▶ **What needs to be done**: Please print every record exactly as it stands, leaving out the pictures.

▶ **Records shown**:
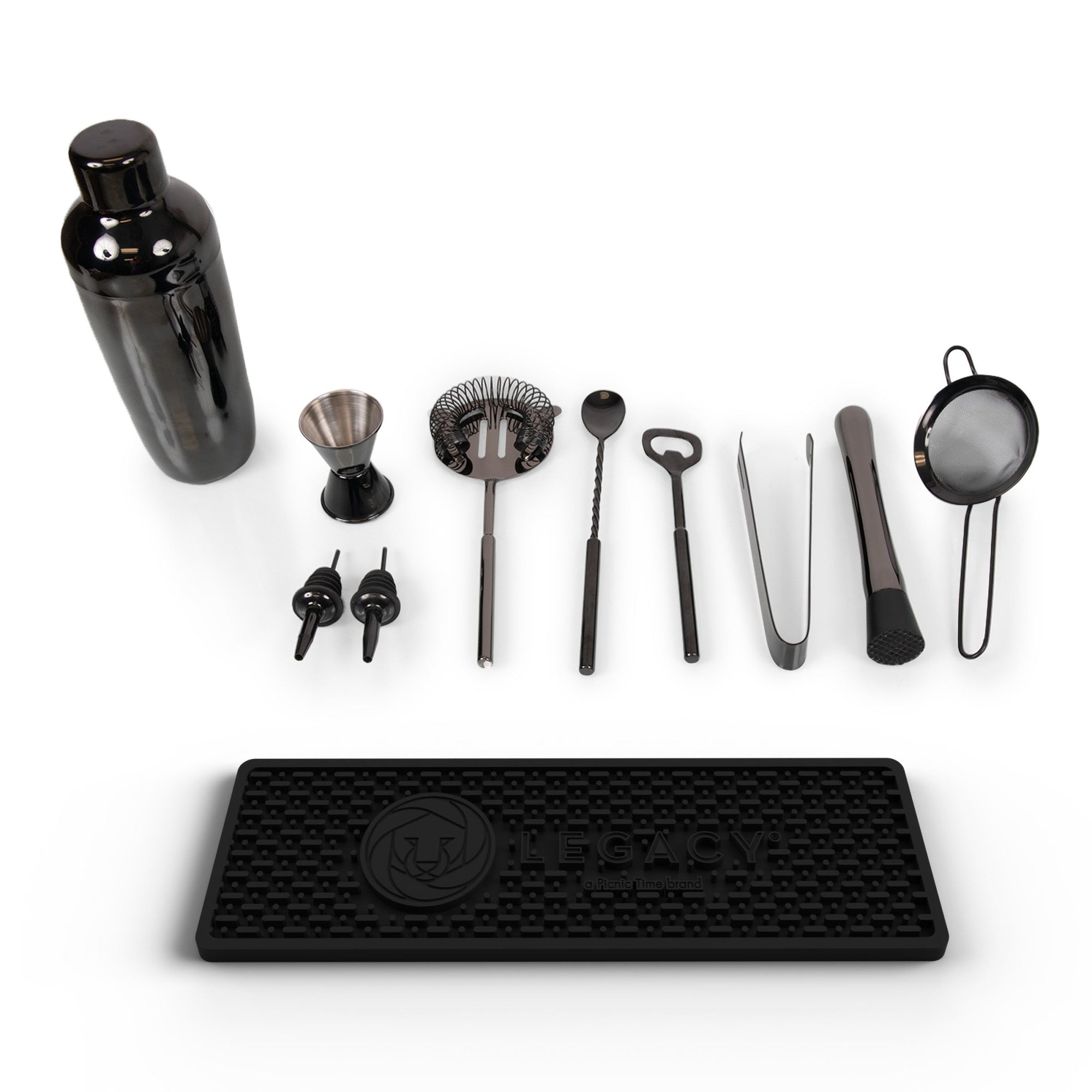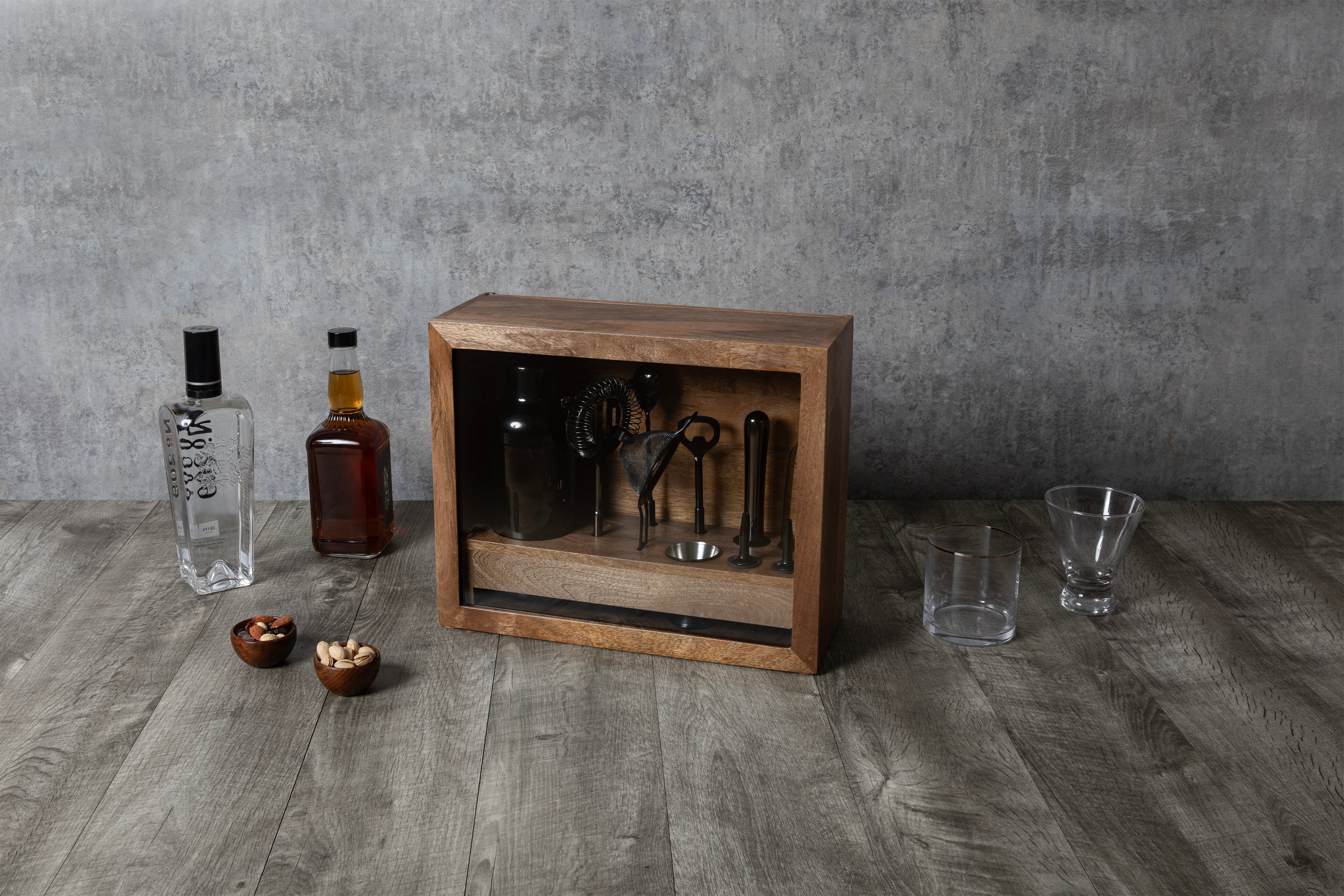 The Old Fashioned Bartender Kit is a compact, professional-grade cocktail tool set for the sustainably-minded mixologist. With a case made of sustainable mango wood sourced from India, this travel bartending set features a 10-piece array of black stainless steel tools including shaker, strainer, skimmer, stir spoon, bottle opener, muddler, tongs, jigger, pour spouts, and bar mat. Even on the go, you can keep your most important cocktail tools organized and easily accessible with this attractive and convenient set. How many times have you arrived at the function only to lament - there’s not muddler anywhere in sight?! How will you ever make a passable mojito now?! Never again suffer this terrible fate - now that you’ve got the Old Fashioned Bartender Kit, you’re ready for anything the night can throw you. Well, anything cocktail-related, at least… Post-cocktails, you’re on your own!
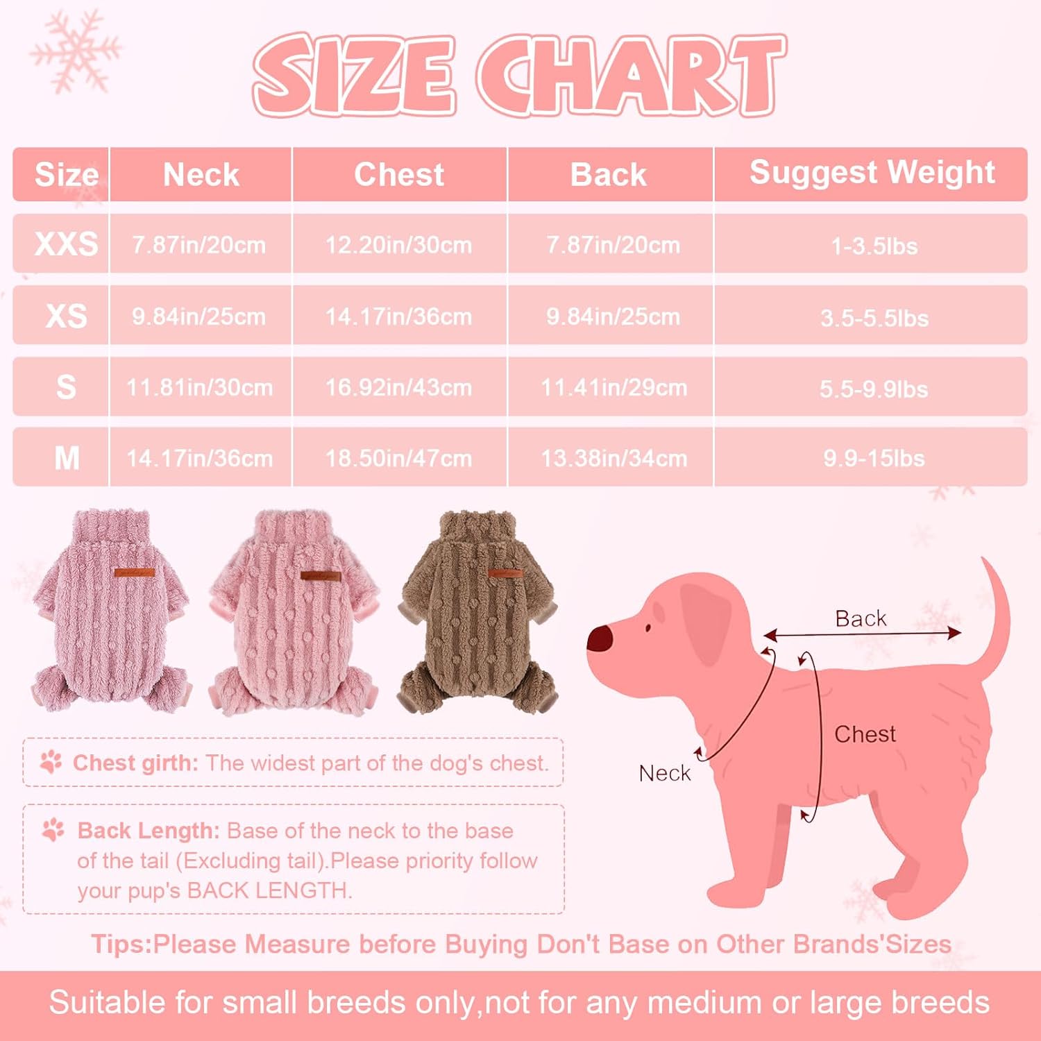 Dog Sweater for Small Dogs, XXS Dog Sweaters Turtleneck Doggie Pajamas Jumpsuits, Small Doggy Clothes Girl Boy, Cold Weather Puppy Onesie Outfits Yorkie Chihuahua Apparel,Light Pink, S
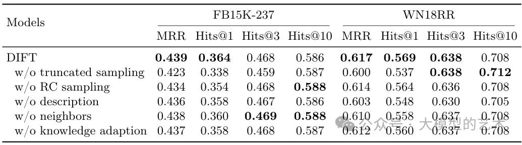 我们在表2中报告了FB15K-237和WN18RR上的链接预测结果。总体而言,我们提出的框架DIFT在两个数据集的大多数指标上都达到了最佳性能。
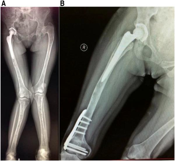 患者2009年至2013年间接受了四次静脉输注唑来膦酸5mg,同时口服补钙。2010年7月进行右侧全髋关节置换术(THA)。术后髋关节X线片见图1。碱性磷酸酶和骨钙素水平分别为538 IU/L和192.5 ng/ml。2013年12月,患者接受了矫形外科手术和右髁上截骨(图2)。入院时,碱性磷酸酶和骨钙素水平为403 IU/L和246.30 ng/ml。2015年5月,患者因跌倒导致左股骨干骨折,并接受了钢板和螺钉内固定(图3)。根据术后组织病理学,最终诊断为纤维发育不良。2015年12月,移除右侧股骨板,以防止应力集中和随后的股骨干骨折。尽管患者在随访期间没有出现明显并发症,但于2017年和2018年在另一家医院接受了颌下感染和下颌骨坏死的治疗(图4)。
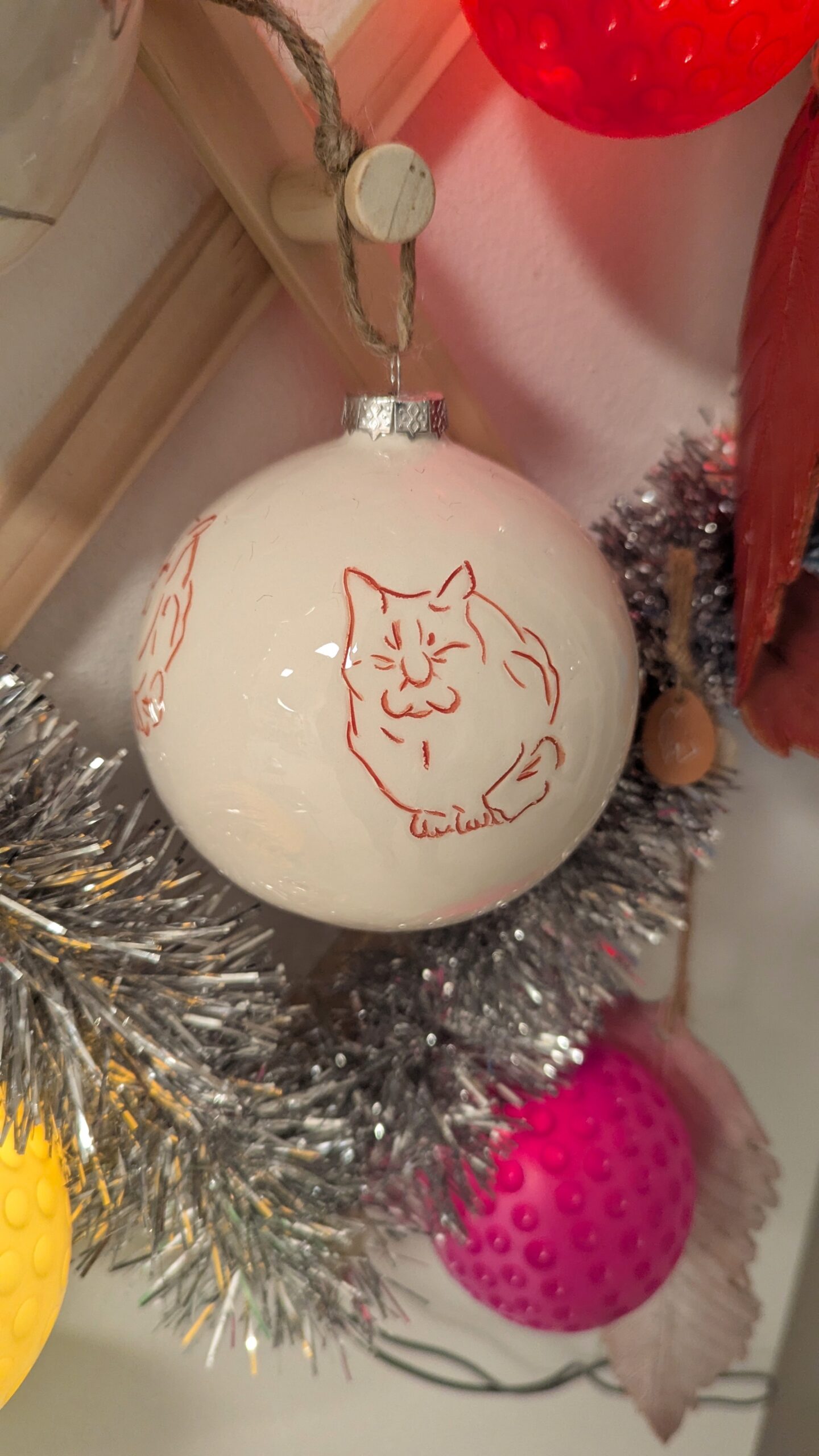 La sfera è stata realizzata incidendo la terra e nel solco creato è stato messo in un secondo momento il colore. Sono frammenti, la stessa immagine ripetuta, un attimo, un ricordo che resta indelebile. Sono paesaggi lontani, luoghi ormai offuscati dal tempo che lentamente li cancella. Il loro ricordo viene riportato alla luce grazie ad alcuni personaggi, delle piccole creature. Si accende un ricordo appeso, si dirada la nebbia, riaffiora il paesaggio, ricompare quel luogo che si credeva di aver perso. Ogni disegno è stato realizzato a mano, si compone di quattro gatti incisi su una superficie di dodici centimetri di diametro. “Paesaggio Sfere” è un pezzo unico, non esiste una copia identica per forma, dimensione e colore dell’originale.
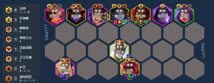 3德玛西塔2主宰6法师3护卫1巨神峰阵容码:0201235633d34302533c33635d35f000TFTSet16
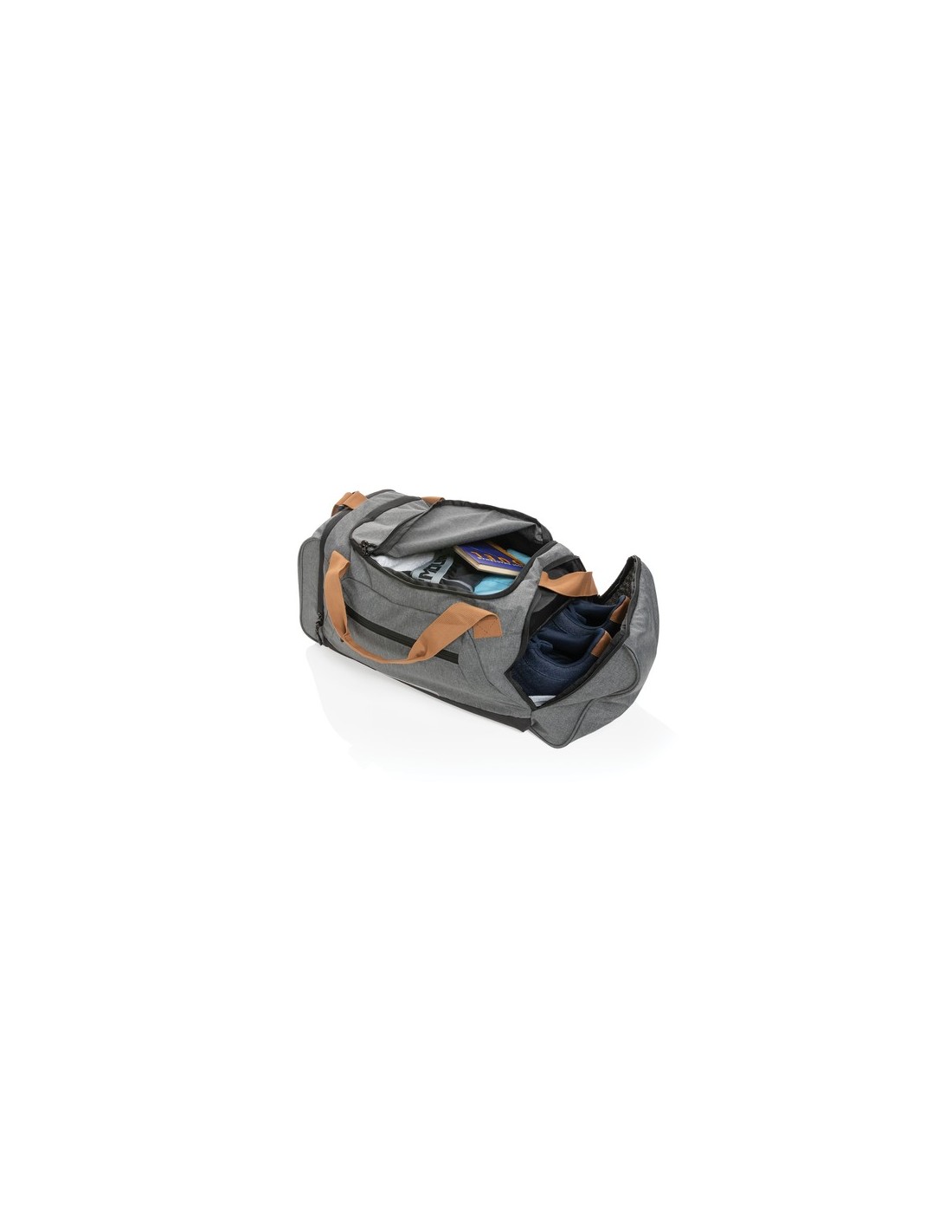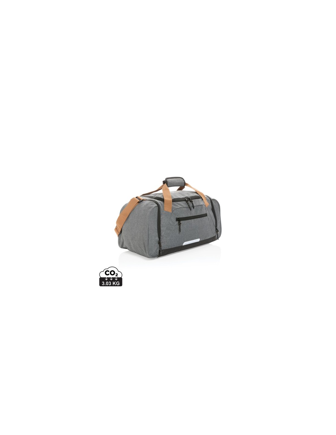 La bolsa Urban outdoor Impact AWARE ™ tiene espacio más que suficiente para una escapada de fin de semana! También tiene un diseño inspirado en el exterior. Cuenta con un compartimento frontal con cremallera y un gran compartimento principal. Los bolsillos laterales con cremallera ofrecen un acceso rápido a tus elementos esenciales diarios. La bolsa está confeccionada con poliéster bicolor 50% reciclado y forro 100% poliéster reciclado. Con trazador AWARE ™ que valida el uso genuino de materiales reciclados. El 2% de las ganancias de cada producto de Impact vendido se donarán a Water.org. Material : rPET, rPET Recycled Content Percent : 0 Libre de parafinas cloradas de cadena corta y media., Conforme directiva Phtalate content, Conforme PAHS content in Reach & ZEK 01-4-08, Conforme contenido de plomo U.S, Conforme directiva Cadmio 91/338/EC, Se debe verificar la autenticidad de este producto con XD Aware™ para cada envío., Conforme directiva AZO dye 2002/61/EC Packaging : Polybag y a granel All print codes : Screen Transfer OS,Digital Transfer OS,Embroidery - Print code default : Serigrafía por Transferencia - parte frontal del artículo - 150 x 60 mm - max color : 6 Social Audits : BSCI Total CO2 emissions : 3,03.

▶ **Task output**:
 The Old Fashioned Bartender Kit is a compact, professional-grade cocktail tool set for the sustainably-minded mixologist. With a case made of sustainable mango wood sourced from India, this travel bartending set features a 10-piece array of black stainless steel tools including shaker, strainer, skimmer, stir spoon, bottle opener, muddler, tongs, jigger, pour spouts, and bar mat. Even on the go, you can keep your most important cocktail tools organized and easily accessible with this attractive and convenient set. How many times have you arrived at the function only to lament - there’s not muddler anywhere in sight?! How will you ever make a passable mojito now?! Never again suffer this terrible fate - now that you’ve got the Old Fashioned Bartender Kit, you’re ready for anything the night can throw you. Well, anything cocktail-related, at least… Post-cocktails, you’re on your own!
 Dog Sweater for Small Dogs, XXS Dog Sweaters Turtleneck Doggie Pajamas Jumpsuits, Small Doggy Clothes Girl Boy, Cold Weather Puppy Onesie Outfits Yorkie Chihuahua Apparel,Light Pink, S
 我们在表2中报告了FB15K-237和WN18RR上的链接预测结果。总体而言,我们提出的框架DIFT在两个数据集的大多数指标上都达到了最佳性能。
 患者2009年至2013年间接受了四次静脉输注唑来膦酸5mg,同时口服补钙。2010年7月进行右侧全髋关节置换术(THA)。术后髋关节X线片见图1。碱性磷酸酶和骨钙素水平分别为538 IU/L和192.5 ng/ml。2013年12月,患者接受了矫形外科手术和右髁上截骨(图2)。入院时,碱性磷酸酶和骨钙素水平为403 IU/L和246.30 ng/ml。2015年5月,患者因跌倒导致左股骨干骨折,并接受了钢板和螺钉内固定(图3)。根据术后组织病理学,最终诊断为纤维发育不良。2015年12月,移除右侧股骨板,以防止应力集中和随后的股骨干骨折。尽管患者在随访期间没有出现明显并发症,但于2017年和2018年在另一家医院接受了颌下感染和下颌骨坏死的治疗(图4)。
 La sfera è stata realizzata incidendo la terra e nel solco creato è stato messo in un secondo momento il colore. Sono frammenti, la stessa immagine ripetuta, un attimo, un ricordo che resta indelebile. Sono paesaggi lontani, luoghi ormai offuscati dal tempo che lentamente li cancella. Il loro ricordo viene riportato alla luce grazie ad alcuni personaggi, delle piccole creature. Si accende un ricordo appeso, si dirada la nebbia, riaffiora il paesaggio, ricompare quel luogo che si credeva di aver perso. Ogni disegno è stato realizzato a mano, si compone di quattro gatti incisi su una superficie di dodici centimetri di diametro. “Paesaggio Sfere” è un pezzo unico, non esiste una copia identica per forma, dimensione e colore dell’originale.
 3德玛西塔2主宰6法师3护卫1巨神峰阵容码:0201235633d34302533c33635d35f000TFTSet16
 La bolsa Urban outdoor Impact AWARE ™ tiene espacio más que suficiente para una escapada de fin de semana! También tiene un diseño inspirado en el exterior. Cuenta con un compartimento frontal con cremallera y un gran compartimento principal. Los bolsillos laterales con cremallera ofrecen un acceso rápido a tus elementos esenciales diarios. La bolsa está confeccionada con poliéster bicolor 50% reciclado y forro 100% poliéster reciclado. Con trazador AWARE ™ que valida el uso genuino de materiales reciclados. El 2% de las ganancias de cada producto de Impact vendido se donarán a Water.org. Material : rPET, rPET Recycled Content Percent : 0 Libre de parafinas cloradas de cadena corta y media., Conforme directiva Phtalate content, Conforme PAHS content in Reach & ZEK 01-4-08, Conforme contenido de plomo U.S, Conforme directiva Cadmio 91/338/EC, Se debe verificar la autenticidad de este producto con XD Aware™ para cada envío., Conforme directiva AZO dye 2002/61/EC Packaging : Polybag y a granel All print codes : Screen Transfer OS,Digital Transfer OS,Embroidery - Print code default : Serigrafía por Transferencia - parte frontal del artículo - 150 x 60 mm - max color : 6 Social Audits : BSCI Total CO2 emissions : 3,03.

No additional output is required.